If you're hazy on what an induction rangetop is (induction explained) as a user, it can adjust temperatures as fast as gas while maintaining the temperature range of electric. In our rangetop tests, we found ridiculously fast boiling times averaging just over three minutes for six cups of water. The Electrolux also fulfilled induction's promises of a wide temperature range, providing marvelously low simmering temperatures for delicate stove work. The upper end of the temperature range highlighted another advantage of induction: it looks out for you. During our searing temperature test, the burners automatically switched from "boost" to "high," keeping the rangetop safe. Though there's no smartphone or apps involved, this is a smart range.

Comparable Products

Before you buy the Electrolux EW30IF60IS, take a look at these other ranges.

Oven, Broiler, & Convection

Finally oven performance that doesn't get shown up by the induction rangetop.

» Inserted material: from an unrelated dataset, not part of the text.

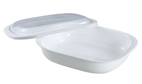 Corelle - Pirofila in Vetro Vitrelle Quadrato e Leggero Bake/Serve/Store, da 1,9 Litri, con Coperchio in plastica, Bianco
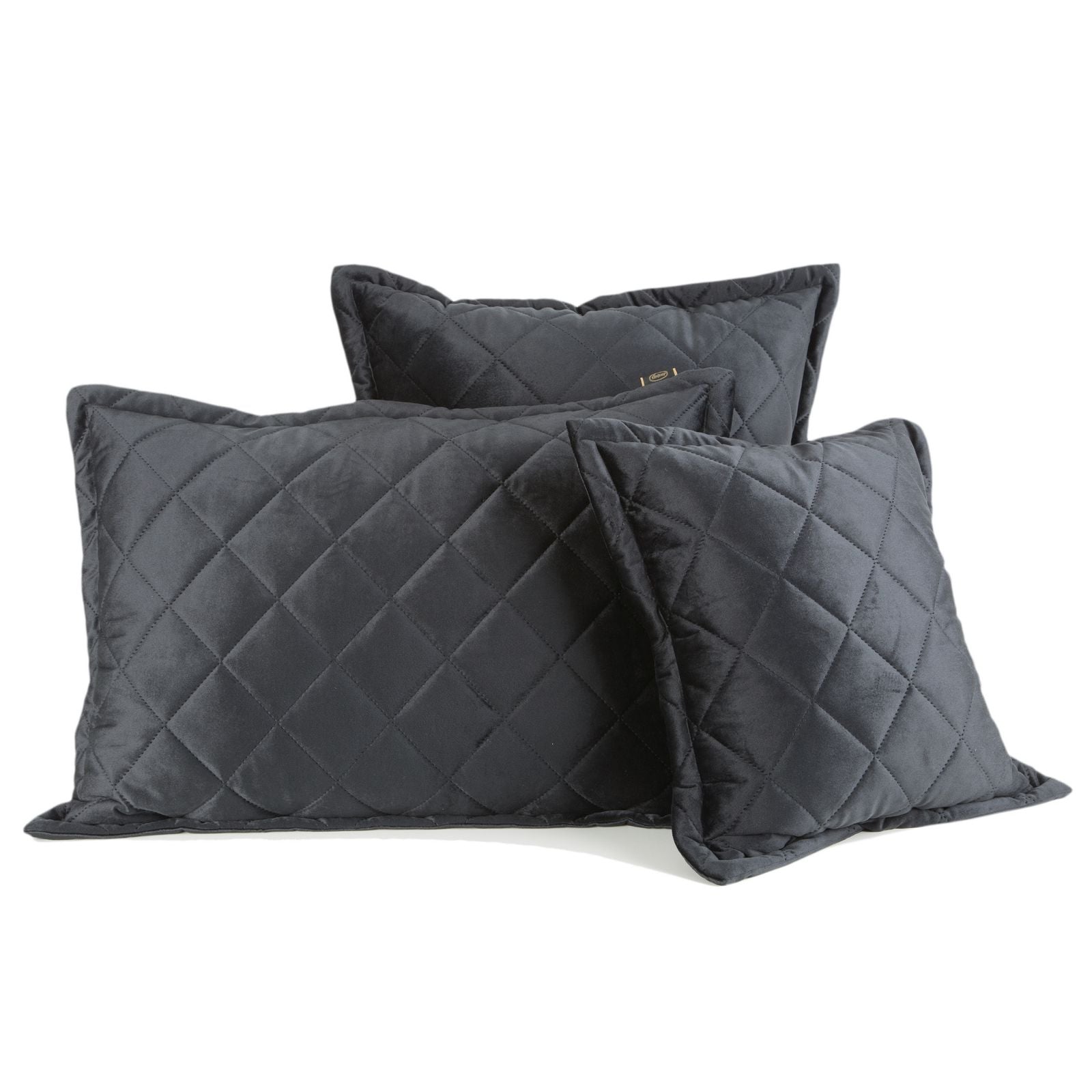 Elegants, plūksnots gultas pārklājs no augstas kvalitātes samta ar izteiktu spīdumu. Virsma ir stepēta ar tradicionālo stepēšanas metodi. Malas ir apdarinātas ar spīdīgu apdari. platums: 60 cm, garums: 60 cm, krāsa: melna, svars: 220+70+220 GSM, sastāvs: Sastāvs: 100% poliesteris.

When we see a great rangetop like this, we are always a little worried the oven won't be up to snuff. Fortunately, this one aced our lab tests. The oven was spot-on when it came to maintaining 350°F using conventional heating, and the unbelievably consistent convection oven barely changed temperature during the entire test (though it was 15°F too hot). The 8-pass broiler, which wraps around on itself eight times like a snake, blew us away with an almost instant preheat. Truly impressive.

Conclusion

If you've got the money and value performance above all, consider this range.

Thanks to its use of induction, this Electrolux combined a superb rangetop, oven and broiler into an extremely compelling package. We only found one major flaw—the price. At an MSRP of $3,049, this is an elite-level range, but its looks are merely mid-range. With performance like this, though, it's a sacrifice we're willing to make.